The Human Rights/Humanistic Psychology connection

Friday, December 10th is international Human Rights Day. Adopted by the United Nations General Assembly in 1948, it has been promoting the cause of human rights for 61 years, and it seems there has been just as much progress as there have been struggles and failures. There are still many individuals, organizations, and governments who are hard at work dismantling the social, cultural and political systems that abuse the rights of millions of people all over the world.

The vision and mission that is the foundation of humanistic psychology embraces fulfilling human potential, and in order to do this we must recognize to connection between human potential and human rights. Yes – historically humanistic psychology has been focused in individuals, but the good news is that over time the field has moved from focusing on self actualization and growth to recognizing that the individuals well being is connected to the well being of their community.

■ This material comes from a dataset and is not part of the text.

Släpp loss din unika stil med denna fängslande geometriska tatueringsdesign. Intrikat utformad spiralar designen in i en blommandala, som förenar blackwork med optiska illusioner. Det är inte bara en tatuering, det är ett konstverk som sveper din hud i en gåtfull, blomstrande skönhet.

One value shared by members of the Association for Humanistic Psychology speaks to this, “…a recognition of the profound problems affecting our world and a responsibility to hope and constructive change.”

Researchers and therapists have joined the ranks of activists and change agents in the fight for human rights. The tenets of humanistic and existential psychology are woven into the ideals that push so many to do this work – which is why human rights and humanistic psychology seem to go hand in hand: 

  • In 1986, Carl Rogers saw the potential of the person centered approach and how it might be used to empower those who are disempowered, and be the catalyst for long term individual and community change.
  • Elizabeth Campbell, past director of the AHP said these words during the cold war years of the 80’s “I believe our challenge, our business, is to apply the skills and resources accumulated in humanistic psychology in the broad arena of social change.”
  • Eleanor Criswell sees humanistic psychology as being in a position to make great change in society. The viewpoint is that people will be more effective when they are doing well. When we are healthy we are more engaged in the world around us, and will possibly want to help the world around us to be better by helping others or tending to their environment.
  • Saybrook faculty member Marc Pilisuk is author of “Who Benefits from Global Violence and War” and the co-editor for “Peace Movements Worldwide” a three volume work that focuses on the peace and conflict resolution work from around the world. 

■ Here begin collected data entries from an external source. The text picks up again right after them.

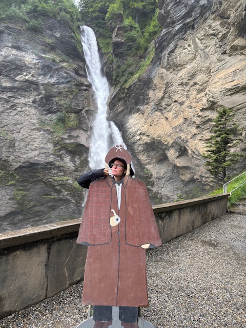 Before my arrival, I was aware that the small city of Meringen is a pilgrimage destination of Sherlock Holmes fame. Sir Arthur Conan Doyle himself vacationed in Meringen enough that he decided to end his Sherlock Holmes saga by having Holmes – locked into a death struggle with his arch enemy Dr. Morarity at Reichenbachfall, which looms just outside the town.
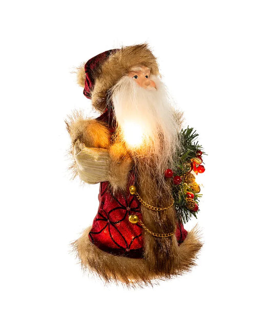 10" UL 10-Light Burgundy And Brown Santa Treetop
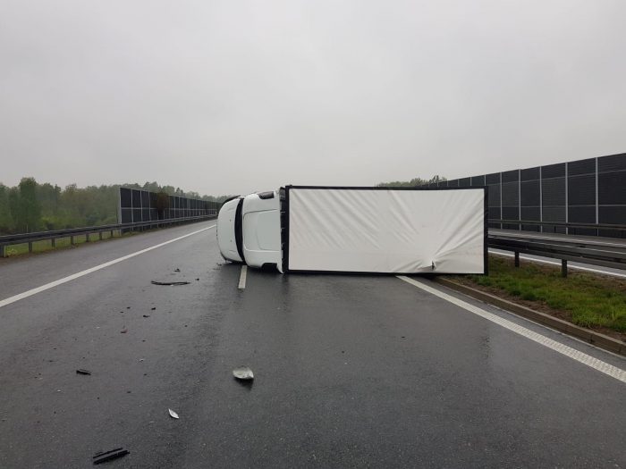 Wczoraj po godzinie dziewiątej rano na mokrej jezdni autostradowej nitki w kierunku Rzeszowa, chwile grozy przeżył kierowca dostawczego Iveco. Gdy dojeżdżał do węzła Brzesko zauważył, że będzie wyprzedzany przez inny samochód. Niestety na śliskiej drodze kierowca osobówki stracił panowanie nad swoim samochodem i doprowadził do kolizji z ciężarówką. Ta wskutek uderzenia przewróciła się na lewy bok, całkowicie blokując lewy pas jezdni. Kierowca osobówki kilkadziesiąt metrów dalej zatrzymał się po prawej stronie na pasie awaryjnym.

Saybrook students have travelled all over the world carrying with them their personal convictions of a better life for everyone means a better world for all. They have been a part of disaster relief in Haiti, Peace and Conflict studies in Cambodia, community development in Guatemala and social justice for child rape victims in South Africa to name a few.

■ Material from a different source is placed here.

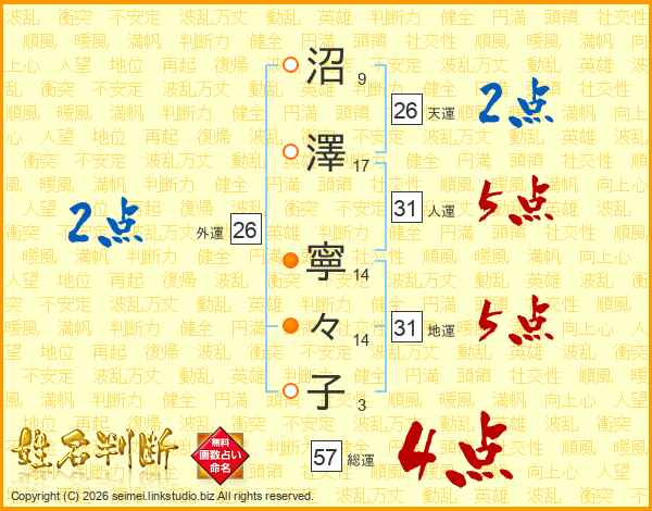 沼澤寧々子さんの総運は57画の4点!

The principles of humanistic psychology have shown up in research reports on nonviolence, peace and conflict studies, sex trafficking, sustainability, and access to food and shelter.

Granted, humanistic psychology is not the only path to human rights in field of psychology, but the field is oriented towards a “lived awareness” that encourages those to help individuals and communities heal from physical, mental and spiritual trauma. This is a part of the humanistic tradition of reaching towards our potential and that potential is to be compassionate and aware. Compassion and awareness promotes human dignity.